The following code snippet is something what could help me. The idea is that always the last 2 checkpoints are kept on disk, where training reached a new minimum value of the custom metric number. The custom metric is recorded in the on_episode_end() of a custom callback. However, I observe that only the checkpoint_at_end=True becomes effective, and a single checkpoint is created after trial end.

Which piece is missing?

tuner = tune.Tuner(
    "PPO",
    param_space=config,
    run_config=air.RunConfig(
        checkpoint_config=air.CheckpointConfig(
            num_to_keep=2,
            checkpoint_score_attribute="custom_metrics/number_min",
            checkpoint_score_order="min",
            checkpoint_at_end=True,
        ),
        tune_config=tune.TuneConfig(num_samples=2)
)

@justinvyu , @christina : This older thread becomes now further relevant.
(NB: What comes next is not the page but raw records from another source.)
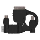 В комплект входит кабель и три переходника для разных устройств, таких как: Samsung, Nokia, BlackBerry, LG, HTC, Motorola, iPhone 4S, 4, 3GS, 3G, iPod и другие.
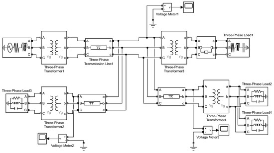 Simulink system for generating voltage sag disturbance induced by line fault.
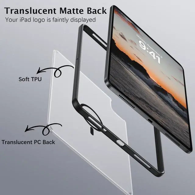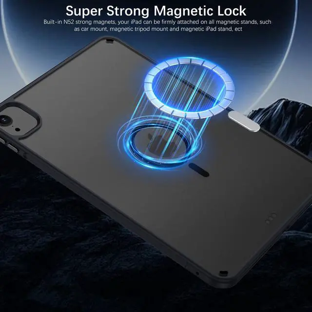 Pro 11: A2759, A2435, A2761, A2762, A2377, A2459, A2301, A2460, A2228, A2231, A2068, A2230, A1980, A2013, A1934, A1979 ). Please check back bottom of your iPad to find the model number "Axxxx". (Not for iPad Pro 11 (M4) 2024!! ) ^^ The Use of Multiple ScenariosThis magnetic case for iPad Air 11 inch(M3/M2)/iPad Air 5th Gen/iPad Air 4th Gen is equipped with industrial-grade N52 high-strength magnets, allowing for multiple scenarios. You can attach your iPad on all magnetic stands firmly, such as such as car mount, magnetic tripod mount and magnetic iPad stand, ect. (Note!!! Not for Magsafe charging!! ) ^^ Heat Dissipation Holes3 heat dissipation holes can help your iPad dissipate heat in a timely manner and extend the lifespan of the your iPad Air 11 inch(M3/M2)/iPad Air 5th Gen/iPad Air 4th Gen. ^^ Protection for Camera & ScreenRaised lip on both front and back provide a perfect protection to screen and camera against scratch when placed down without making your iPad Air 11 inch(M3 2025/M2 2024) bulky. ^^ Strong Protection & Premium MaterialsMade of matte acrylic back and a flexible TPU frame, provide a perfect protection against fingerprints, scratches and drop while maintaining its original beauty.

I do not see dev effort, just a refined understanding of how Tune Checkpointing works.

Thanks for your help!

Hi @PhilippWillms ! Sorry this is not solved yet. Your expectations aline with mine.
Is there a related github issue with a reproduction script? That would be suitable to track and solve this. If not, could you please file one and I’ll reproduce and take further steps.

Done, I created [RLlib,Tune,AIR] Checkpointing scoring per custom metric does not work · Issue #54251 · ray-project/ray · GitHub

Thank you for surfacing this issue and creating a ticket!

1 Like